Офицер, видимо, отказывается что-либо понимать:

- Но ненавидимые вами цари ничего подобного не делали!

Реалисты вскакивают, первый бросает обвинение свое пря­мо в лицо:

- А два миллиона убитых за интересы западных капита­листов, а миллионы раненых, а сотни тысяч беженцев?

- А скажите вы мне, не один ли из князей Гришку убил?

Марья Моревна прищуривается:

- Не подсовывайте мне ревнивых мужей!

Баталер хлопает хозяина по колену:

Ну и ну! Вот это - баба, такая и сама на баррикады пой­дет.

Семен встает:

- Простите, мне пора, да и боюсь я, что вы и меня со всеми родными перережете.

Хозяйка очаровательно улыбается:

- А вы не смущайтесь, кто нашу эпоху поймет, тот у нас место свое найдет.

* * *

Вместе с Коростиными катался сегодня Семен на салаз­ках у устья оврага «Беленький». Таща санки, уже во второй раз встречается он с каким-то закутанным в шерстяные платки карапузом, прибежавшим кататься позже. Останавливается он и гудит из-под заиндевевшей от мороза шали:

- Ты не Пономарев?

- Да, а что?

- Да так.

- А чего же спрашиваешь?

- Да девка какая-то на каток прибегала, спрашивала, не видал ли кто тебя? Никто ничего не знал, вот и убежала она.

- Когда же это было?

- Да в обед.

- Ты не спросил, почему она меня ищет?

- Не! Торопилась она дюже. И вся заплаканная была. Нос платком терла.

Рванув салазки, поворачивает Семен к городу и добирает­ся домой лишь перед вечером, входит в пустую квартиру, быстро пробегает пустые комнаты и лишь в кухне находит Мотьку с Родиком на коленях.

- А где наши?

- Ох, спужалы вы мэнэ. Вси на хутир поихалы, бо утром тэлэграм прийшов... титка ваша Мина Егоровна помэрлы. И стряпуху увэзлы. Тики ваш батько зистався, бо нога в його болыть. А нэдаром бабушка така сумна сьогодни була, прыснылося ий нибыто у нэи зуб из кровью выпав, та так заболив, так заболив... И тики що вона цэ разказала, а ось тоби тэлэг­рам той. А ваш батько до Тарас Тэрэнтьевыча пишлы...

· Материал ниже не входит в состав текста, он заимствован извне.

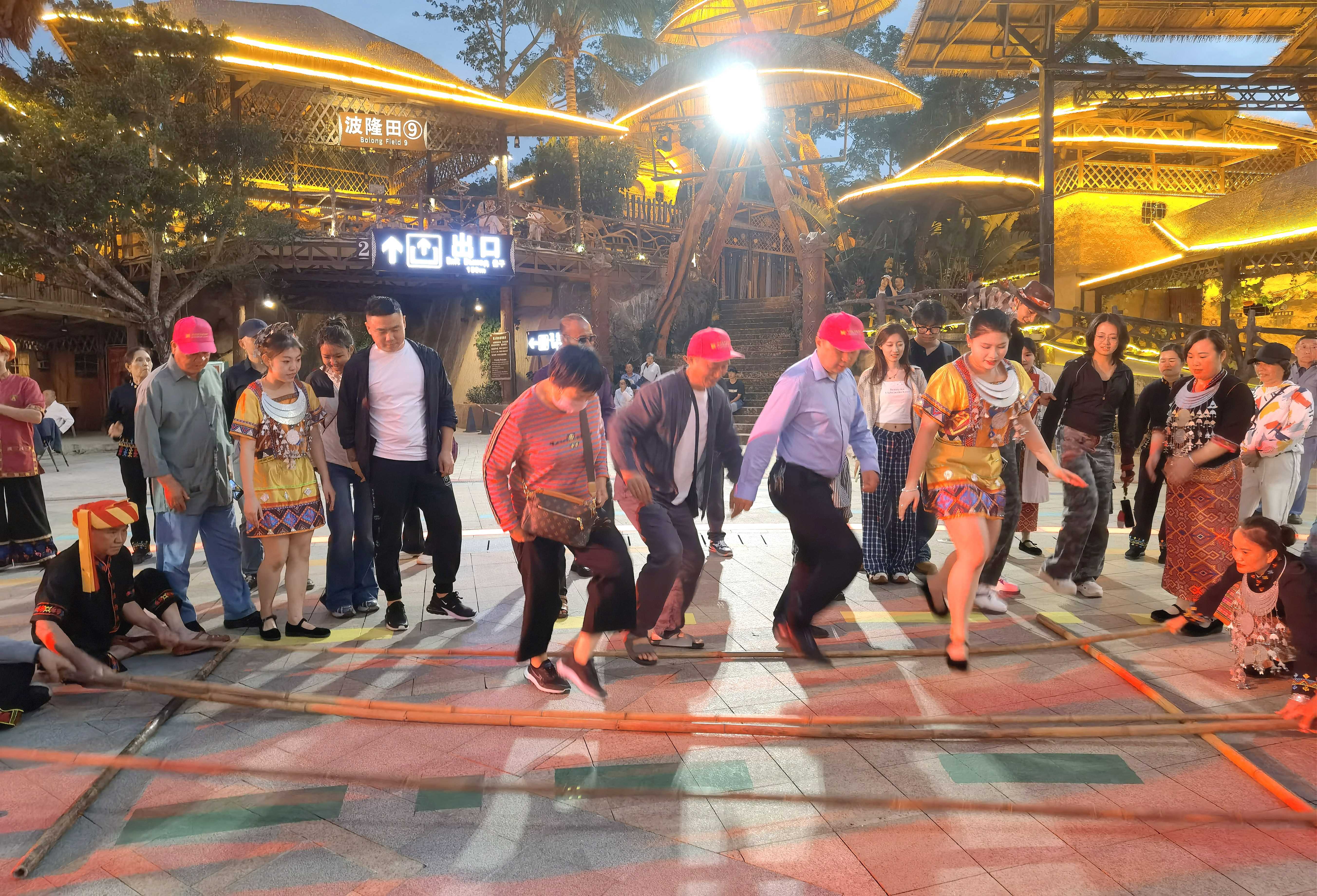 宴会后跳黎苗竹竿舞

К Тарас Терентьевичу бежать совсем недалеко. Бросив паль­то на руки открывшей ему двери горничной, проходит он бесконечную неосвещенную амфиладу комнат и слышит го­лос хозяина из кабинета:

-...и хорошо сделала, что померла. По крайней мере, хоть по-христиански похоронят ее. А что с нами будет, того никто не знает. Как поглядел я, что в Питере творится, волос у меня дыбом стал. А тут еще - полон город запасных солдат. Оторванные от хозяйства мужички, пролетарии, сбор Бого­родицы. Полторы сотни тысяч. Неграмотная, дикая, по-скот­ски темная масса. Это вместо уничтоженных кадровых пол­ков! А интеллигенция наша, чиновничество, мещанство, священство, всё оно на корню сгнило, всякими идейками напичкано. О высших кругах и говорить не хочу - ничтоже­ства, ретрограды до опупения, либо в социалистов играют, либо только на жандармов надеются. Только вот еще часть офицерства да ваши казачки еще и держатся. Остальное - рвань, рвань, сволота, слякоть, дрянь. А-а-а! Семен Сергеичу наше почтение! Иди-ка сюда, за стол, садись, сейчас услужа­ющие мои скатерти самобранные раскинут, выпьем за помин души...

Семен подходит к отцу и почему-то, совсем машинально, протягивает ему руку, так же, не отдавая себе отчета, молча жмет отец руку сына.

- Да, сынок, ничего не поделаешь, померла Минушка наша, да, померла. Сердце... да, дело дрянь, когда сердце. А ты сядь, вот, как Тарас Терентьевич говорит, помянем, да.

А хозяин уже налил три рюмки - две водки и одну налив­ки.

- Пусть вашей Мине Егоровне, чести не имел лично знать, казачья земля пухом будет...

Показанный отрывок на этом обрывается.